7/10
But the pearls and such, they don't mean much...
11 February 2007
Warning: Spoilers
Onstage, "Lady in the Dark" was the most groundbreaking musical of the 1940s. It was structured as a straight play about Liza Elliot, a serious, austere fashion editor who begins cracking up on the job. In sessions with her psychoanalyst, she recalls three dreams -- in which the serious drama bursts into lavish complex musical numbers featuring Liza as a singer/dancer who is the epitome of musical comedy glamour (so much so that Vincente Minnelli and Judy Garland named their daughter after this part).
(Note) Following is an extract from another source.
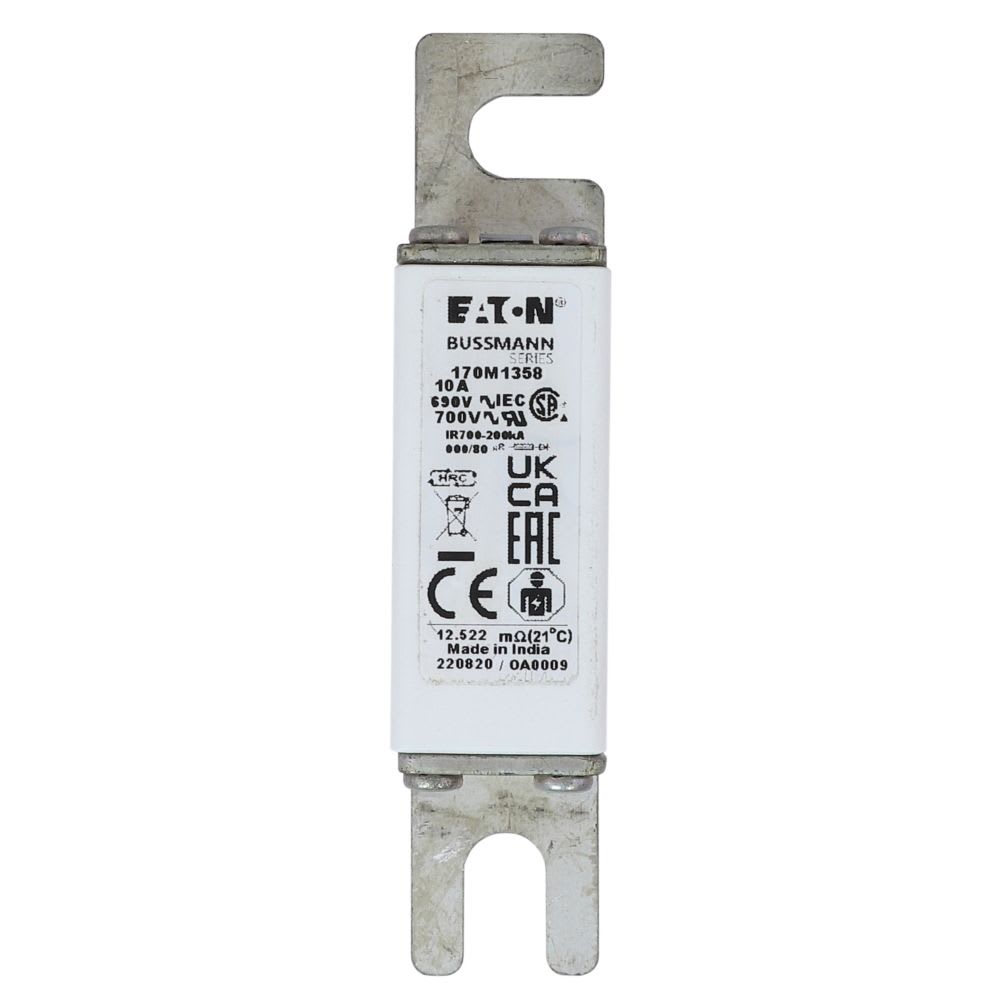 EATON INDUSTRIES - Cartuccia fusibile extra rapido 10A 690V 000/80 DIN 21x40x100mm gR IEC indicatore singolo 170M1358 FUSE UC 170M1358

On Broadway, Gertrude Lawrence used her crisp English accent and homely appearance to sketch out the editor, and her personal magnetism and wobbly soprano to put over the dreamer. This role should have been a snap for Ginger Rogers, who had not only proved herself the most talented woman performer in musicals of the 30's (including another psychoanalytical musical, "Carefree"), but also won an Oscar as a straight dramatic actress. And so she snapped it up, putting a clause in her contract with Paramount that the musical be bought for her. A much warmer, more attractive performer than Gertrude Lawrence, she could and should have had a triumph in this part.
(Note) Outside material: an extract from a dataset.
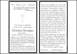 Mitgl. Frauen- u. Mütterverein; lange Krankheit; Eltern: Jakob Nobel u. Elisabeth geb. Conz; ∞ 31.5.1910 Heinrich Brendges, † 7.6.1949; 7 K., davon 2 jugendl. †; 3 Söhne im 2. Weltkrieg gefallen; |

As the saying goes: sadly, no.

First Rogers fell afoul of Paramount studio chief Buddy deSylva, a minor songwriter and crude vulgarian, who felt "forced" to produce the movie. DeSylva also hated the show's composer Kurt Weill and, perhaps in retaliation toward both Rogers and Weill, gutted virtually the entire score and thus the heart of the show. Director Mitchell Leisen, a rather nasty and self-loathing character, got off on the wrong foot with Rogers even before shooting. Leisen, who Billy Wilder called "a window dresser," looked down his nose at Rogers, pumped up the script's hatred of women, and put his energy into mink, sequins, gaudy hats, dry ice, and lots and lots of boys in tights.
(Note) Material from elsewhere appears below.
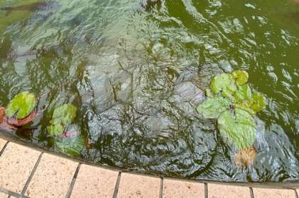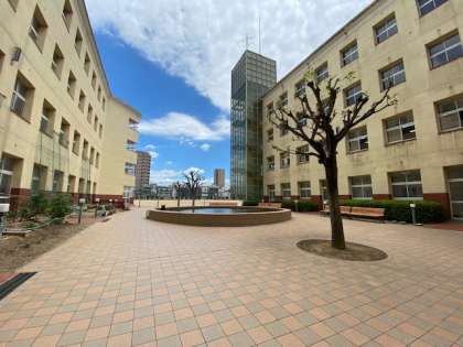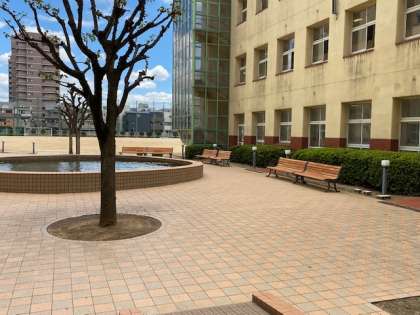 快晴の空の下に、新しくなったベンチがあって、池の鯉たちは飛び跳ねるくらい元気です。中庭のケヤキの木も管理作業員さんに散髪してもらって、やっぱり真住中学校は美しいです。

And so one of Broadway's finest musicals became a gaudy Technicolor fashion parade interspersed with scenes of unbelievably unpleasant misogyny. With virtually no musical numbers to perform (including "My Ship," the song which holds the key to Liza's subconscious), and with a director who disrespected and humiliated her on the set, Rogers didn't stand a chance. Despite her skill and effectiveness in some moments, she comes off as cold and hard in the dramatic scenes and garishly overemphatic in the dreams. Meanwhile, her character endures two hours worth of condescension and hostility. On first viewing it's hard to even look at her fierce and unhappy performance, though if you can stand to watch the movie a few times, her work actually begins to look like a triumph against the odds.

As Martin Scorcese (a fan of this film) points out, the climax comes in the one musical number to survive intact from Broadway. The band strikes up "The Saga of Jenny," and Rogers opens up her skirt to reveal the most gorgeous pair of legs in movie history. As she shimmies her hips a couple of times, we get a taste of the audacity and exhilaration this show should be about. However, the famous jewel-encrusted mink skirt (designed by Leisen, of course) weighed 35 pounds and Rogers had to hold it up through the entire number; meanwhile, her high heels kept getting stuck in the hemp rug he laid down. She still manages to pull it off, but just barely. In a Lux Radio broadcast of "Lady" a year later, she also performed a sweet and delicate reprise of "My Ship." Her original, performed a capella in counterpoint to "Ain't She Sweet," and then hacked out of the movie by deSylva, is presumably decomposing in a Paramount vault somewhere in Hollywood. Ginger Rogers' career lasted another 40 years or so, but if you love her like I do, you have to deeply regret this movie -- the greatest and most unhappily lost opportunity of her career.